Fears of war drive voters to Sharon

An ultra-Orthodox Jew passes a poster for Ariel Sharon, who polls show leads the Israeli election race by 22 per cent

Fears of war drive voters to Sharon

THURSDAY FEBRUARY 01 2001

FROM SAM KILEY IN RAANANA

THE sounds of a tennis game filter through the bougainvillea hedges of the local country club and luxury cars glide by new glass buildings. In the largely English-speaking Israeli town of Raanana, the conversation has, however, turned from the latest cricket Test results to war.

In the last election for the Prime Minister 18 months ago, Barbara Grant and her husband, Cyril, a retired computer engineer and entrepreneur, voted for Ehud Barak, the Labour leader. Now, however, they feel under threat and believe that only one man — Ariel Sharon, the former general and Defence Minister — can save them. He is poised to trounce Mr. Barak in elections next Tuesday.

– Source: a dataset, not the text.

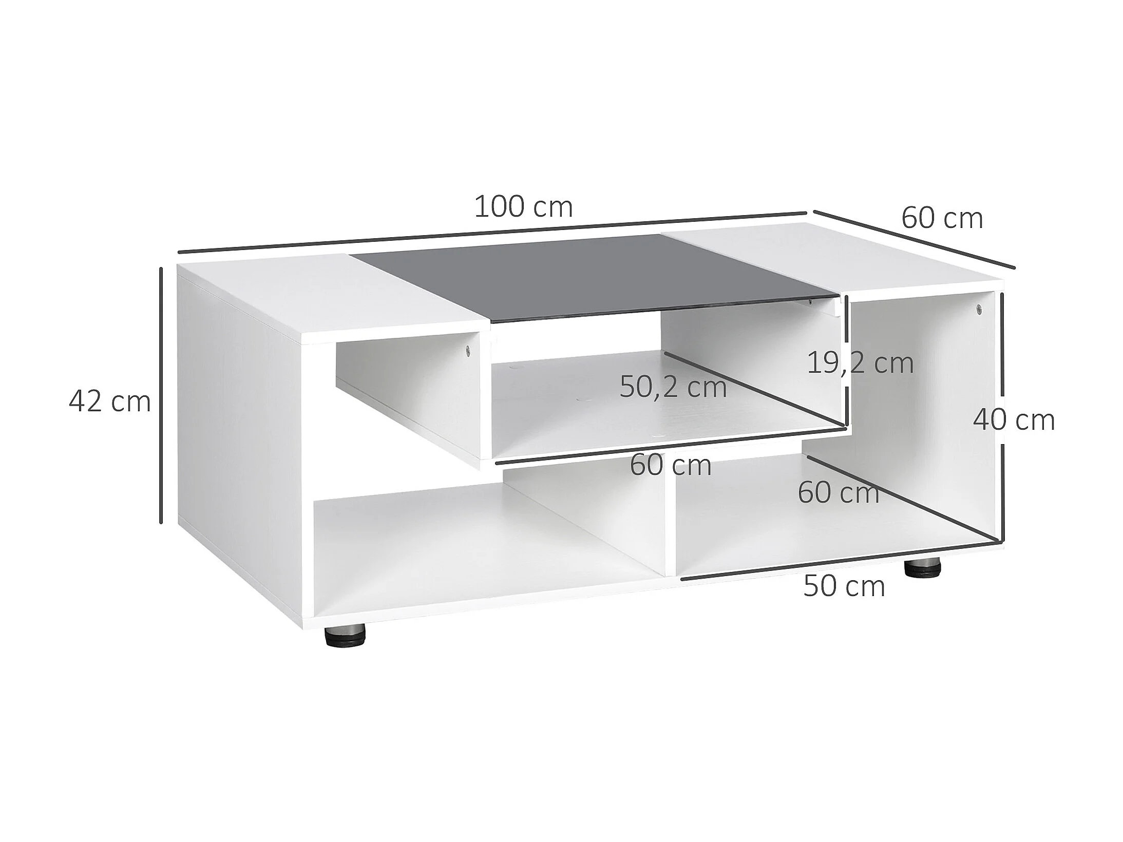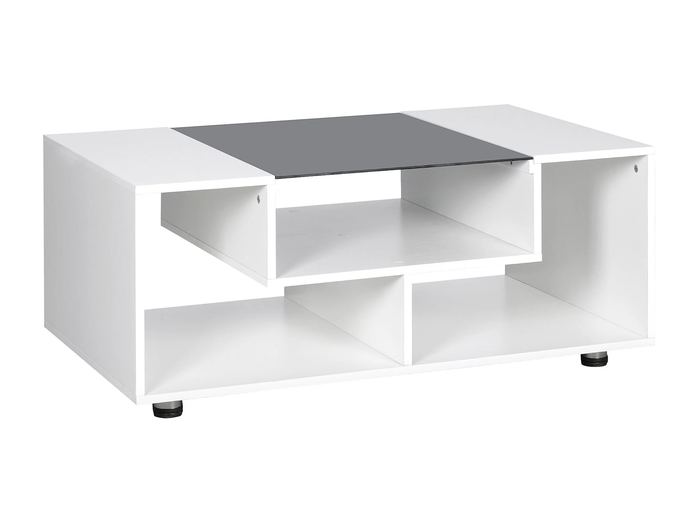 Table basse design contemporain symétrique dim. 100L x 60l x 42H cm 3 niches panneaux particules blanc verre trempé noir

“I don’t like Sharon and I don’t like his history,” Mr Grant, 74, said. “All we really want is to live in peace with our neighbors, but we have lost faith in Yassir Arafat’s commitment to peace and in Barak’s ability to protect the State or deliver on peace.”

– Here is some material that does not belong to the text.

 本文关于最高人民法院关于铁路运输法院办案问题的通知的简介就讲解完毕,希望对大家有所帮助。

In England the couple, who emigrated to Israel in 1996 from Richmond, southwest London, would be Blairite. In Israel they are moderately religious Jews who hold no great affection for the Jewish settlements on the West Bank. They do, however, believe strongly that Jerusalem is their capital and that the 3.5 million Palestinian refugees from the 1948 war, and their descendants, should not be allowed back to their homes in Israel.

“We have been forced into the conclusion that there is no possible chance for peace when the other side wants to see the destruction of Israel. All we can do is defend ourselves and vote for a tough man who is capable of doing that,” Mrs. Grant, 53, a systems analyst, said.

Now deep foreboding hangs over the lawns of Raanana. In 1999, voters such as the Grants saw Mr. Barak as a former general, a commando, who had an historic vision and would safeguard Israel’s future by handing over the West Bank and Gaza to Palestinian control. “What we got instead is close to a war. We now have seen that the Palestinians have never been interested in living in peace with us, they want to chuck us into the sea,” Mrs. Grant said.

That is why she is prepared to turn the clock back 20 years, to a time when Mr Sharon represented the hardest of the hardliners, who led Israel into Lebanon and was prepared to “be as tough as it takes” to fight off the country’s enemies.

Did Mrs. Grant ever think of heading back to Richmond? “Oh, yes,” she admitted.

“Only if we get hit with a nuclear or biological weapon,” her husband cut in.